Потребление со вкусом: мода в музеях на службе художественного образования

История модных выставок способна еще сильнее изменить представления о коммерческой стороне системы моды[42]: порой эстетические аспекты одежды подчеркивают с целью пропагандировать «качественное потребление», превратить рядового покупателя в знатока. Выставки моды прошлого изначально мыслились как инструменты повышения уровня жизни. Так, музей моды, в 1712 году предложенный журналом The Spectator, должен был консультировать потребителей и давать им советы: в сопровождении куратора, специалиста по моде, они смогли бы изучить различные фасоны, появившиеся за определенный период, и решить, какой им больше подходит (The Spectator 1712: 219–220).

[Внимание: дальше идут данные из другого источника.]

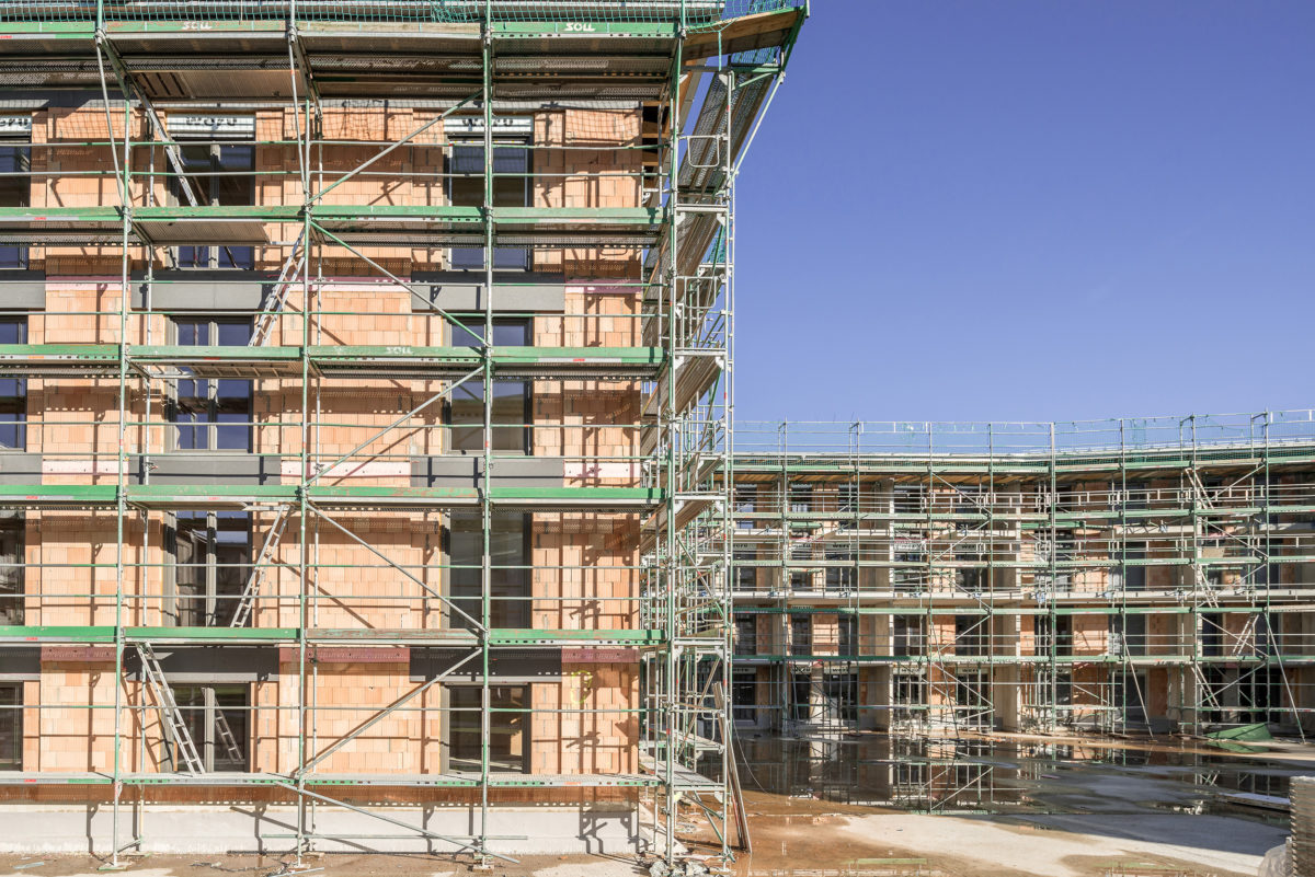 Neben Ästhetik und Komfort standen auch Materialität und Wertigkeit im Fokus der Planer. Aufgrund seiner bauphysikalischen Eigenschaften fiel die Entscheidung auf den Baustoff Ziegel. Für die Außenwände kam ein speziell für den Geschosswohnungsbau entwickelter Ziegel zum Einsatz. Dank im Ziegel integrierter mineralischer Dämmstoffpads erzielt er außergewöhnlich gute Wärmedämmwerte bei gleichzeitig hoher Tragfähigkeit sowie gutem Schall- und Brandschutz. Zusammen mit dreifachverglasten Kunststofffenstern, einer Fernwärmeversorgung mit temperaturgesteuerter Heizung sowie einer Kraftwärmekopplung mit regenerativem Energieanteil konnte der KfW-55-Standard realisiert werden. Die nichttragenden Innenwände bestehen ebenfalls aus verputztem, aber ungefülltem Ziegelmauerwerk.

Статья 1873 года, где описывалась экспозиция старинного платья в отделе промышленности Третьей ежегодной международной выставки в Лондоне, тоже содержала мысли о необходимости просвещать покупательниц относительно истории моды:

Общепризнано, что дамы в совершенстве владеют искусством туалета. Свет лишился бы более чем половины своих печалей и радостей, если бы женщины облачились в одинаковые костюмы, столь же неинтересные и невзрачные, как те, что носят мужчины. Поэтому изучение принципов изящного искусства принесло бы женщинам колоссальную пользу. И если уж этой половине человечества в самом деле приходится расплачиваться заботой о платье за сходство с ангелами, ей несомненно потребно утешение разумного художественного воспитания и четкие эстетические принципы, которыми женщины могли бы руководствоваться, выполняя обязанности и сохраняя отличительные особенности своего пола (Antiquities 1873: 220).

Далее, перейдя к описанию самих костюмов (этому аспекту выставки в статье отведено беспрецедентное для XIX века место, ведь в ту эпоху экспозициям моды прошлого не уделяли столько внимания), автор заключает, что все большая доступность «художественных и тщательно отобранных» образцов вневременного хорошего вкуса (Ibid.: 303) изменила общество:

Похоже, мы на пути к более разумным и изящным эталонам моды, чем до сих пор, а изменения к лучшему, заметные в костюмах представителей среднего и низшего классов, поражают: в них, по счастью, теперь меньше кричащих цветов и безвкусной пышности, зато налицо бóльшая утонченность и зрелость суждений (Ibid.: 51).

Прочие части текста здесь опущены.